Was it worth it? I don’t know. This is certainly the most time I’ve ever spent reading books I didn’t like all that much outside of a classroom environment. I can’t really say I enjoyed it. I can’t really say I’m glad I followed the advice of everyone who encouraged me to stick with it, the books get better, I’d come around. They didn’t and I didn’t. I don’t think the nuggets of goodness scattered throughout the seven volumes were worth the junk I had to wade through to get to them, and not just because of the junk in and of itself–I worry that exposure to that junk will leave me less favorably inclined to the Stephen King books and stories I’d come to know and love and really treasure before I laid eyes on the damned Dark Tower, and that’s a real tragedy, because those books mean a lot to me. Time will tell.

Go, then. There are better books than these.

A novel approach

This week’s Horror Roundtable asks us for our favorite horror novels. Mine might surprise you given my mood of late.

The Blogslinger: Blogging The Dark Tower, October-November 2007–Day 55

Read: The Dark Tower–“New York Again (Roland Shows ID)”; “Fedic (Two Views)”; “The Thing Under the Castle”; “On Badlands Avenue”; “The Castle of the Crimson King”
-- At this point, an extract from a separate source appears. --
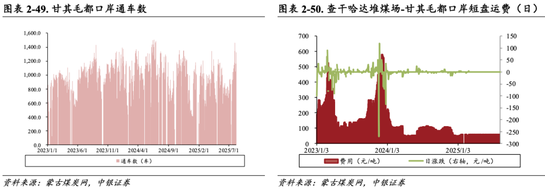 8月2日-8月7日,查干哈达堆煤场-甘其毛都口岸炼焦煤短盘运费日均60.00元/吨;7月28日-8月3日,通车数环比上升14.44%,日平均通车981.43辆。查干哈达堆煤场-甘其毛都口岸炼焦煤短盘运费环比保持不变,8月2日-8月7日均值达60.00元/吨。

Another chunk of the final book in the series, another ad for another Stephen King book that apparently it would have really helped to have read before getting to the climax of a seven-volume fantasy epic. I’m getting kind of tired of that, though I do take comfort from the fact that Roland seems no more anxious to read Insomnia than I do. But in a way, each of these King-centric interludes–the notion that character-King doesn’t always get the messages from Gan right so that’s why so much stuff in all the books that touch on the Tower mythos contradict one another; the idea that the reason there’s just so much shit going on in these books is because it’s basically being dictated to him by God and his usual process of narrowing and editing isn’t in effect; capping off the constant references throughout the series to graffiti artist “Bango Skank” by basically giving up and calling him “the Great Lost Character”; even the fact that King himself is a character in his own magnum opus–embody the problems they purport to explain and describe. There’s nothing wrong with these books that a red pencil couldn’t fix, but try telling that to a guy who thinks this stuff’s being beamed to him by divine intervention.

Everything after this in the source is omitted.